Der Umfang der vom Erben anzustellenden Ermittlungen beinhaltet insbesondere auch die Einsichtnahme in die vollständigen Kontoauszüge, Sparbücher oder vergleichbaren Bankunterlagen. Hier kommt nun dem Pflichtteilsberechtigten zugute, dass er gemäß § 2314 Abs. 1 S.2 BGB verlangen kann, bei der Erstellung des Nachlassverzeichnisses und mithin auch bei der Überprüfung der Bankunterlagen hinzugezogen zu werden, sodass er nunmehr hierdurch unmittelbar Einblick in diese Unterlagen erhält. 

Das Urteil des OLG Stuttgart ist auch anwendbar auf notarielle Nachlassverzeichnisse. Der Notar, der um die Erstellung eines Nachlassverzeichnisses ersucht wird, ist verpflichtet, den Nachlassbestand selbst und eigenständig zu ermitteln. Mit seinem Protokoll bestätigt er, für den Inhalt verantwortlich zu sein. Daher dürfte die Entscheidung des OLG Stuttgart mit der Erstellung von Nachlassverzeichnissen verpflichtete Notare in die Pflicht nehmen, sämtliche Konto- und Depotauszüge sowie sonstige Bankunterlagen des Erblassers persönlich zu überprüfen. 

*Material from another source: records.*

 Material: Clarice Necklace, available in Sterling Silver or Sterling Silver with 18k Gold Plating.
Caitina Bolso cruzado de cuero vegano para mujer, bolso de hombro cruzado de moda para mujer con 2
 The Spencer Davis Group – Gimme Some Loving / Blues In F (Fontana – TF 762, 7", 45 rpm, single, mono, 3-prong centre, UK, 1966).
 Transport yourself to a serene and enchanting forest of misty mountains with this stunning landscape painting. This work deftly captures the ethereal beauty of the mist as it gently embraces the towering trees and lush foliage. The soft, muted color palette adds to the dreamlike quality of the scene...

Fraglich ist, ob ein über die 10 Jahresfrist hinausgehender Anspruch des Pflichtteilsberechtigten besteht. Dieses dürfte vor dem Hintergrund des § 2325 Abs. 3 S. 3 BGB der Fall sein, sofern konkrete Hinweise dafür vorliegenden, dass der Erblasser Zuwendungen an seinen Ehegatten getätigt hat, denn die Abschmelzungsregelung des § 2325 Abs. 3 BGB gilt ausdrücklich nicht für Zuwendungen eines Erblassers an den Ehegatten. Praktisch dürfte allerdings das Problem bestehen, dass die Banken in der Regel Unterlagen ihrer Kunden nicht länger als 10 Jahre aufbewahren, sodass es in der Praxis schwer sein dürfte, hier noch Ermittlungen anzustellen. 

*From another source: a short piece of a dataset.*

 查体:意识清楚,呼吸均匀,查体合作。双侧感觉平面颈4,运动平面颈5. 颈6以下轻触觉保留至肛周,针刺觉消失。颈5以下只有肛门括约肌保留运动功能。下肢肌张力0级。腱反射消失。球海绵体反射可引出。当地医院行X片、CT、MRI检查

Kein Argument ist nach der Entscheidung des OLG Stuttgart die Kostenfrage. Das OLG Stuttgart hat eindeutig entschieden, dass selbst Kosten in Höhe von rund 1.500,00 € für die Nacherstellung nicht mehr vorhandener Kontoauszüge über einen Jahreszeitraum vom 10 Jahren nicht unangemessen hoch ist. 

Vor dem Hintergrund dieser Rechtsprechung sollten bei einer auffälligen Diskrepanz des Erblasservermögens zum Zeitpunkt des Erbfalls im Verhältnis zu seinen früheren Lebensverhältnissen auf die Hinzuziehung bei der Erstellung des Nachlassverzeichnisses bestanden werden und auch bei der ebenfalls zu verlangenden Überprüfung der Kontoauszüge der letzten 10 Jahre sollte man als Pflichtteilsberechtigter anwesend sein.